Proscia, a provider of artificial intelligence (AI)-enabled digital pathology software, has released the findings of a new study on the first deep-learning system with proven accuracy in real laboratory environments. Published in Scientific Reports, a journal from Nature Research, the study is the largest AI validation study conducted in pathology to date and supports the growing impact of AI in cancer diagnosis.
The Proscia’s study, entitled “Tailored for Real-World: A Whole Slide Image Classification System Validated on Uncurated Multi-Site Data Emulating the Prospective Pathology Workload”, describes a deep-learning system that achieves 98% accuracy in classifying whole-slide images of skin biopsies in real laboratory settings. To achieve this consistent performance, the system was designed using high-quality and diverse de-identified data. It was developed using thousands of images from the Dermatopathology Laboratory of Central States, one of the largest dermatopathology laboratories in the USA, and tested on an uncurated set of 13,537 images from Cockerell Dermatopathology, Thomas Jefferson University Hospital and University of Florida to account for the wide variety of diseases seen in practice. Pictured is a juvenile xanthogranuloma showing distinctive touton giant cells.

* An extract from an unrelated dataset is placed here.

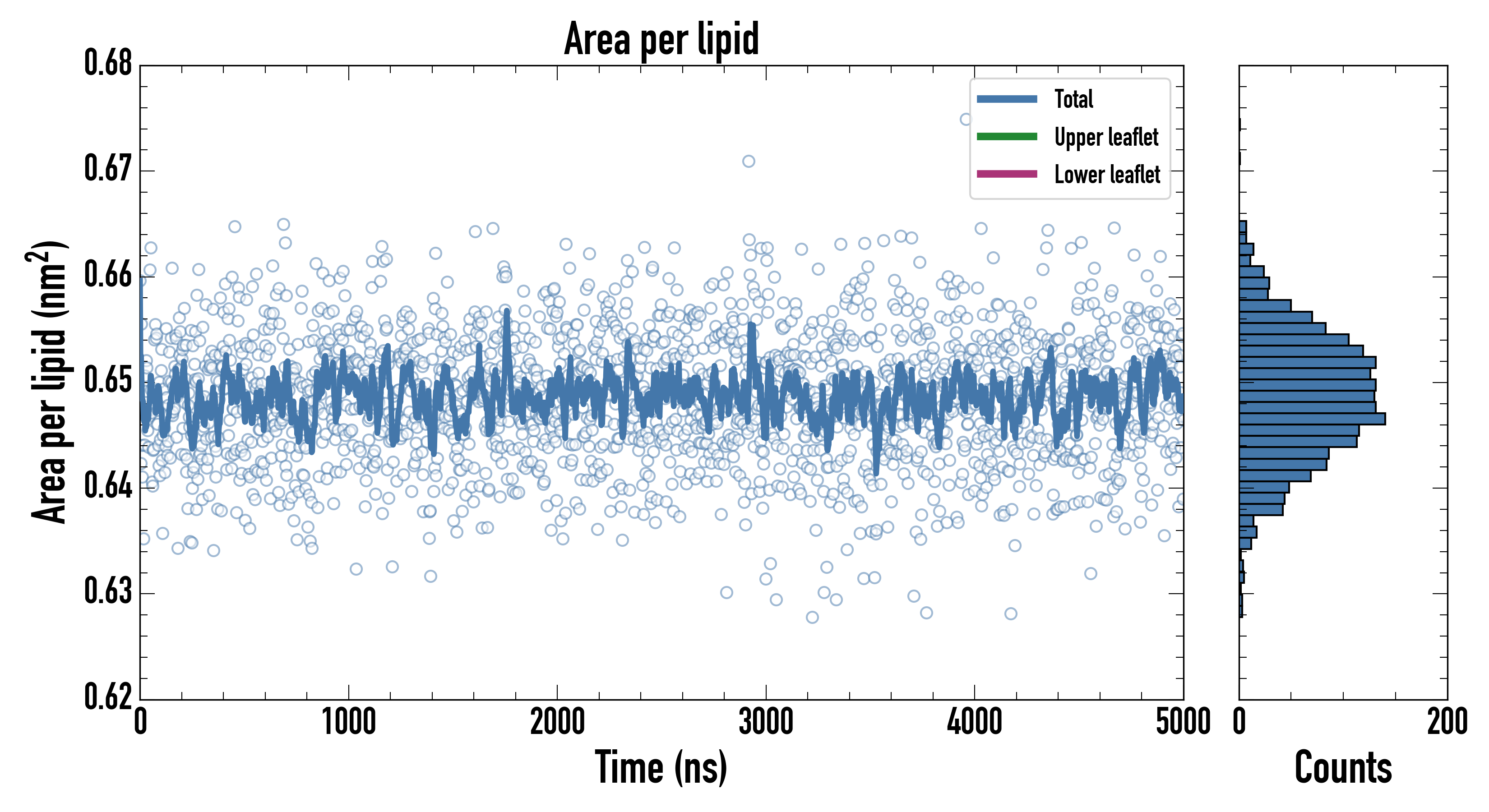Upper leaflet (nm2): 0.64870400 ± 0.00103911

Proscia conducted this study to validate its DermAI application and bring AI into the pathology laboratory. Launched in June 2019, DermAI is the first in a series of AI applications on Proscia’s Concentriq platform. By using deep learning to classify hundreds of variants of skin diseases automatically, DermAI is driving much-needed confidence, quality and efficiency gains with capabilities including intelligent workload balancing, case prioritisation, automated QA, and 100% AI re-review. This first-of-its-kind pathology solution can reduce costly errors and process-added volume to meet the global cancer burden.